*** Begin section ***
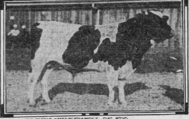
NONE SUCH HENGEWELL DE KOL 1st PRIZE SENIOR GAIK
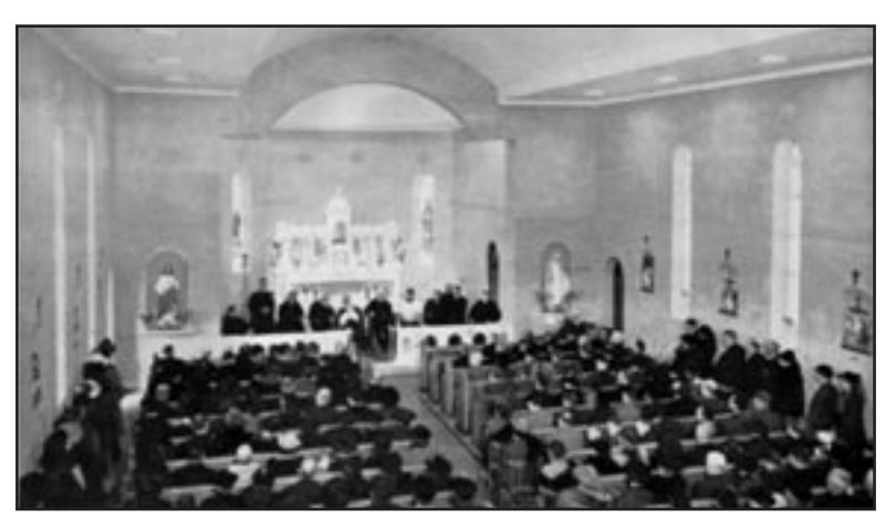
From the 1939 Annual: The interior of the new Chapel at the Opening Ceremony
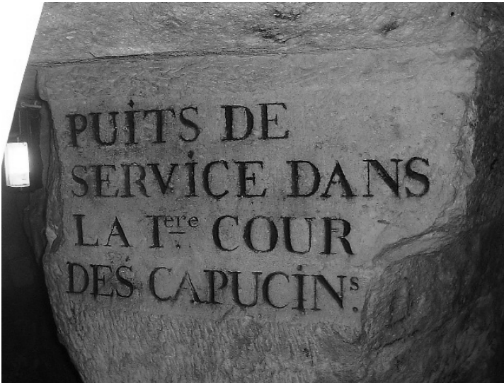
Fig. 2: The quarry works responsible for producing much of the official underground lettering were unfettered by preconceived notions of letter-carving. Word and letter spacing frequently caused problems and line lengths were often misjudged forcing the carver to render excess characters in a smaller size or place them indiscriminately on the stone.

The earliest marks were made by the quarrymen of the seventeenth century, and in the eighteenth century labourers working for the Inspection des Carrières added to these signs with thousands of instructional inscriptions necessary for the execution of their work: technical engineering marks and topographical indicators created with the aim of dating, referencing and directing the labour. 5
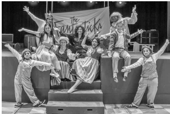
Students Perform in The Fantastics

Putting on two musicals year is expensive. The cost of licensing, props, lighting, etc., is not recovered through ticket sales and is a burden on Uni's budget and the Uni Hi Education Foundation's budget as well. If you participated in theater you remember the thrill and excitement of being on stage, the friends you made, and the appreciation of theater you still hold today. Now is your chance to give back. We need help. If you can make a financial donation to the theater program please do so now, and, if you still live in the Los Angeles area, come to our performances.
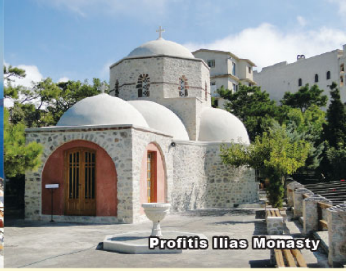
Profitis Ilias Monastery
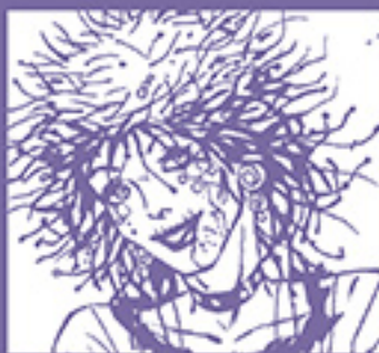
THE BONE COLLECTOR Seductive. Strange. Saturn's Most Wanted.
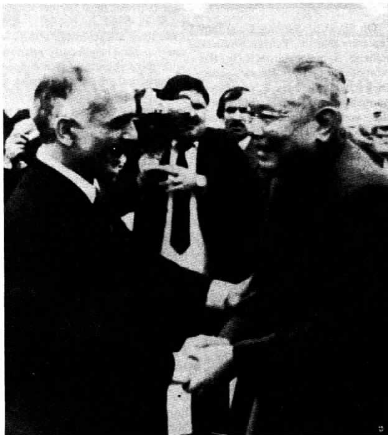
King Hussein of Jordan greets President Li Xiannian at the airport.

tinian people and the peoples of Namibia, Kampuchea and Afghanistan in their struggles for the right to self-determination. "Jordan will strive with other peace-loving countries to end all forms of colonialism, aggression and armed occupation of other's territory under any pretext," Hussein said.
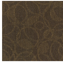
386 Feats of Strength
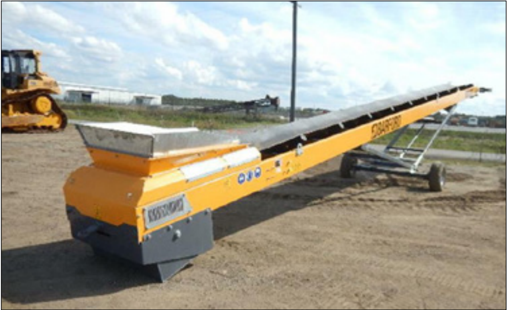
Unused Barford W5032 Wheeled Stockpile Conveyor 50ft x 32"
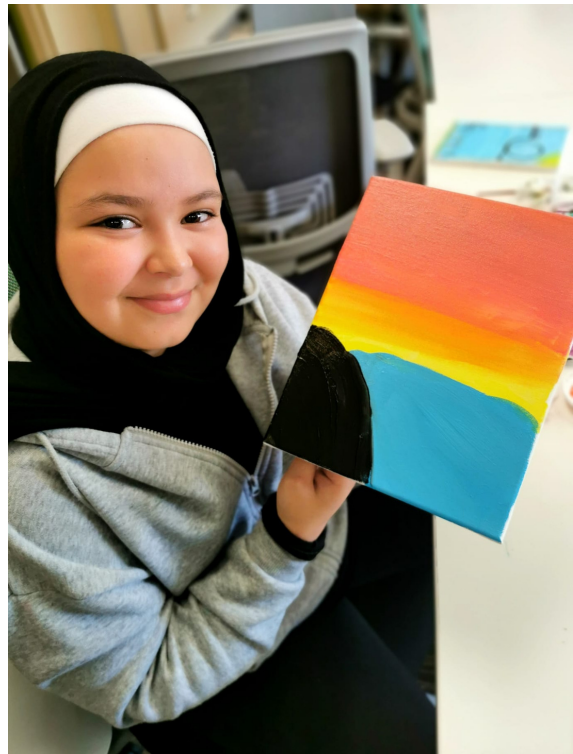
Girls' Zone participants presenting the artwork they created during a program session.

Girls' Zone was a program focused largely on fostering leadership and developing skills, such as independence and advocacy. These young participants had the opportunity to explore careers in fields where women, particularly Arab women, are underrepresented, such as science, math, engineering, and technology. Additionally, physical activity in sports was promoted as a tool to help build confidence in areas which are typically male-dominated.
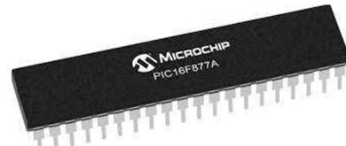
Fig.3 PIC16F877A microcontroller

5) PIC16F877A : It is the microcontroller used to control the whole system.
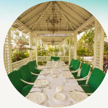
3. Garden of Eden
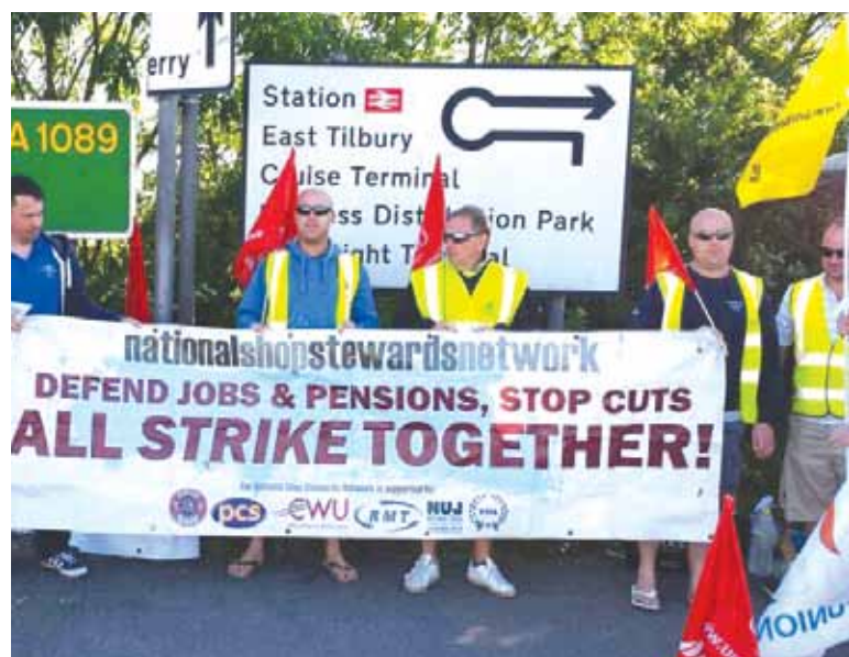
National Shop Stewards Network supporters travelled to Tilbury Docks in Essex to support an eleven-day strike by Unite members against employer SCA Logistics imposing zero-hour contracts. The strike started on 5 June.

• See www.socialistparty.org.uk for more workplace reports
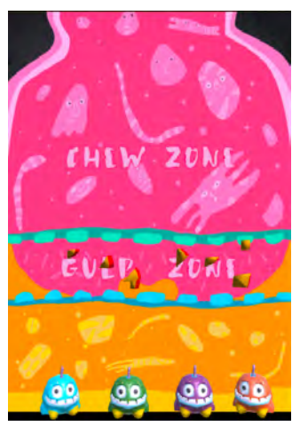
Figure 7 When the food tile reaches the gulp zone, the co-player instructs the player to gulp the real food.
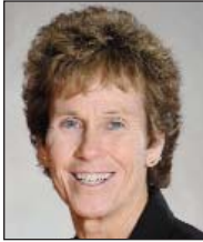
20th Season Overall; 7th/15th at San Diego State (Ohio Wesleyan, 1979)
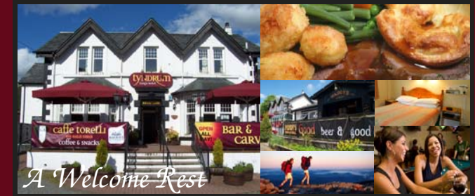
A Welcome Rest
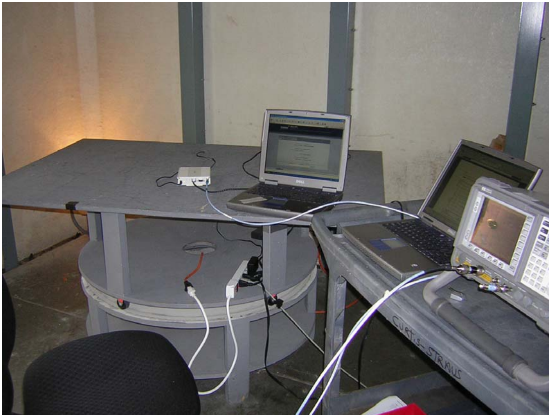
Conducted emissions at the antenna port
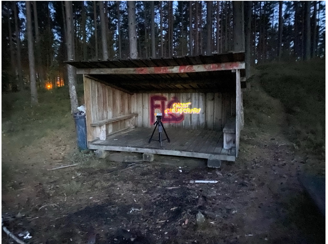
Ghost Contemporary, temporary painting battery operated projector jpg of tag. 2024
*** End section ***
> **What to produce**
Please reproduce, word for word, every line from the first line of the records above through the line containing "From the 1939", and leave out the pictures.

> **Response to this exercise**
NONE SUCH HENGEWELL DE KOL 1st PRIZE SENIOR GAIK
From the 1939 Annual: The interior of the new Chapel at the Opening Ceremony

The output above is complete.